**ABOUT THIS TASK:**
From the first line to the last, print the material exactly, skipping the pictures.

────────────────────────────────────────

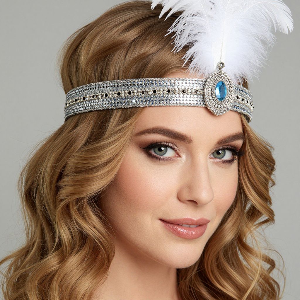 Photograph of a light-skinned woman with wavy, shoulder-length blonde hair. She wears a silver, rhinestone-encrusted headband adorned with a white feather on the left side. Her makeup includes dark, dramatic eyeliner and smoky eyeshadow, paired with nude lipstick. She has a slight, confident smile. The background is a plain, light gray, putting focus on her headband and facial features. She is wearing a sleeveless, light-colored top. The image has a vintage, glamorous style, reminiscent of 1920s flapper fashion.
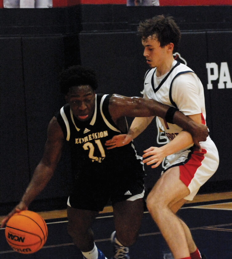 Parkersburg South's Bowen Rader tries to cut off Expression Prep's BJ McCreath during the Patriots' 100-55 victory Saturday night inside Rod Oldham Athletic Center. (Photo by Jay W. Bennett)
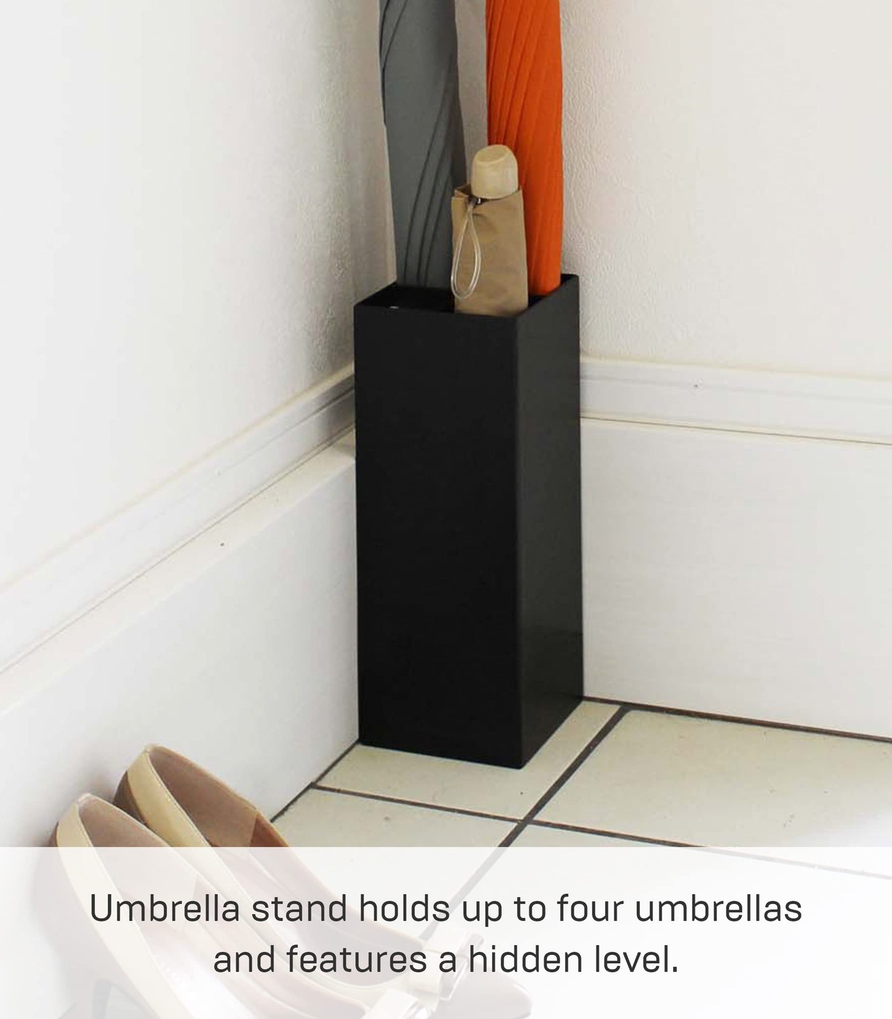 玄関の角にぴったりと収まるコンパクト角型かさたて。
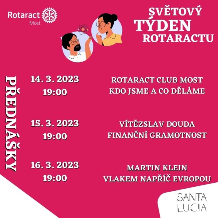 Rotaract club Most jsme připravili několik akcí. V sobotu 11.3. se bude uklízet řeka Bílina, která protéká Mostem. Na tento úklid budeme mít materiál (rukavice, pytle a svoz) zajištěný díky Povodí Ohře. Během týdne proběhnou přednášky na tři různá témata v prostorách St. Lucia – Kasárna Most vždy od 19.00. Na první přednášce 14. 3. své činnosti představí právě mostecký Rotaract, 15. 3. proběhne vzdělávací přednáška o finanční gramotnosti od Vítězslava Doudy a poslední přednáška bude 16. 3., která bude mít cestovatelský nádech a přiblížení programu DiscoverEU od Martina Kleina.
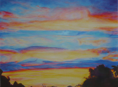 "Coucher de soleil n°2", crayons de couleurs sur papier canson, 46x61cm,
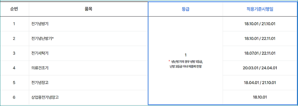 더 구체적으로 말씀드리면, 에어컨의 경우는 1등급이어야 하며 난방기의 경우 3등급 이내여야 합니다.
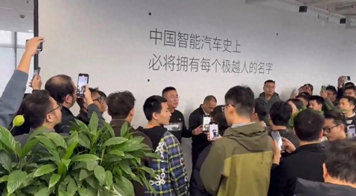 2024年12月12日,極越CEO夏一平被上百名員工圍堵在極越汽車總部。員工們情緒激動,紛紛討要薪水和社保,有人甚至擔心夏一平攜款潛逃,大聲喊道:“把護照留下來!”“把你的存款拿出來給我們交社保!”盡管夏一平當時努力解釋,但他畫下的“大餅”已經無人再信。這些員工的目的很簡單:解散可以,但該拿的錢必須拿到手。而背景墻上那句“中國智能汽車史上,必將擁有每個極越人的名字”,在這樣的場景下顯得格外諷刺。

────────────────────────────────────────

**REPLY:**
 Photograph of a light-skinned woman with wavy, shoulder-length blonde hair. She wears a silver, rhinestone-encrusted headband adorned with a white feather on the left side. Her makeup includes dark, dramatic eyeliner and smoky eyeshadow, paired with nude lipstick. She has a slight, confident smile. The background is a plain, light gray, putting focus on her headband and facial features. She is wearing a sleeveless, light-colored top. The image has a vintage, glamorous style, reminiscent of 1920s flapper fashion.
 Parkersburg South's Bowen Rader tries to cut off Expression Prep's BJ McCreath during the Patriots' 100-55 victory Saturday night inside Rod Oldham Athletic Center. (Photo by Jay W. Bennett)
 玄関の角にぴったりと収まるコンパクト角型かさたて。
 Rotaract club Most jsme připravili několik akcí. V sobotu 11.3. se bude uklízet řeka Bílina, která protéká Mostem. Na tento úklid budeme mít materiál (rukavice, pytle a svoz) zajištěný díky Povodí Ohře. Během týdne proběhnou přednášky na tři různá témata v prostorách St. Lucia – Kasárna Most vždy od 19.00. Na první přednášce 14. 3. své činnosti představí právě mostecký Rotaract, 15. 3. proběhne vzdělávací přednáška o finanční gramotnosti od Vítězslava Doudy a poslední přednáška bude 16. 3., která bude mít cestovatelský nádech a přiblížení programu DiscoverEU od Martina Kleina.
 "Coucher de soleil n°2", crayons de couleurs sur papier canson, 46x61cm,
 더 구체적으로 말씀드리면, 에어컨의 경우는 1등급이어야 하며 난방기의 경우 3등급 이내여야 합니다.
 2024年12月12日,極越CEO夏一平被上百名員工圍堵在極越汽車總部。員工們情緒激動,紛紛討要薪水和社保,有人甚至擔心夏一平攜款潛逃,大聲喊道:“把護照留下來!”“把你的存款拿出來給我們交社保!”盡管夏一平當時努力解釋,但他畫下的“大餅”已經無人再信。這些員工的目的很簡單:解散可以,但該拿的錢必須拿到手。而背景墻上那句“中國智能汽車史上,必將擁有每個極越人的名字”,在這樣的場景下顯得格外諷刺。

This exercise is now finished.